Ed finally breaks the union link?

It would be an ironic twist of history that Ed-the-geek, the non-entity who crept into leadership only  because he was the least offensive option to the power-brokers of the Labour Party, should be the one who crosses the Rubicon and breaks the links with the unions.

Let's be clear that the arrangement whereby trade union members had affiliated membership of the party and where local branches affiliated to local parties and made up the general management committees of constituency parties never made Labour the worker-controlled party that the rhetoric would suggest. 

From its earliest days there was a mixture in the party membership of the middle class and workers. In earlier time the middle class component was drawn from intellectuals, bohemians and that layer of the middle class engaged in 'public service professions'. It is very different today. As both  UNITEs Len McCluskey and the CWU's Billy Hayes have pointed out in the past few days, Labour is now run by and for not working people but by a political class -  and politics has become a posh boy's game. 

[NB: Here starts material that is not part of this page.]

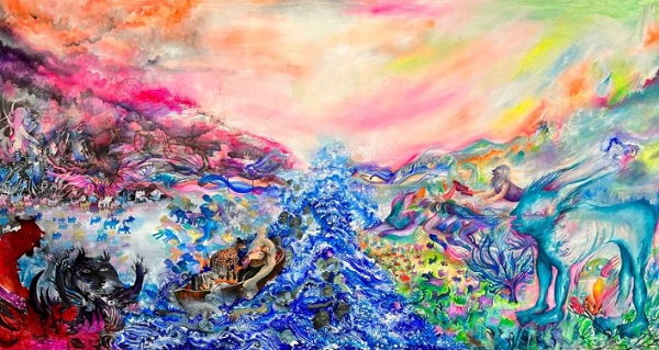 En su texto curatorial, Escobar destaca que la exposición explora la integración y superposición de diversas técnicas y materiales, como pintura, impresiones 3D, escultura y video. Este enfoque transmedial de Boesmi borra los límites entre los distintos medios, creando espacios híbridos y en constante mutación. La obra del artista se caracteriza por un dinamismo incesante y la capacidad de vincular elementos opuestos, combinando lo artesanal con lo tecnológico.

Possibly the rot goes back to Harold Wilson - the working class grammar school boy who never actually worked outside of the union and party machine. Even coming from a working class background and having worked in a proper job has historically been no guarantee that individuals would continue to represent workers' interests - Ernest Bevin springs to mind as personifying the phenomenon of the thoroughly capitalist and collaborationist union baron.

But - in spite of all these caveats - the union link did mean something. The fact that local parties were structurally tied to local unions meant that at times some sort of control could be exercised. And so at certain times by a fragile,  indirect and imperfect process, the party was forced to reflect workers' interests - the 1945 government is the obvious example of this, but so too are the battles within the party in the 1970s.

Miliband's announcement yesterday  only goes to complete a process begun by Kinnock in the 1980s to make Labour finally free of this increasing  tenuous link. Surely nobody on the Left can now argue that there is any life still remaining in the Labour corpse. 

It defied all logic that some elements were arguing that this corpse could somehow be revived. Ironically it was McCluskey's own belief in this - brought to a head by the Falkirk affair - that has been the catalyst for Miliband's announcement. Incidentally McCluskey's welcoming reaction to the announcement may at first seem bizarre - but of course the removal of mass party membership will not represent the end of union funding only the breaking of automatic union funding. In fact it may even boost the power of union bosses in giving them the power to opt to make donations to party funds in return for influencing policies - possibly taking Labour even closer to the type of lobbying and power-play machinations seen in the Democratic party in the US. 

The only upside of all this is that it might just kill of the  few remaining illusions that people may have left in Labour.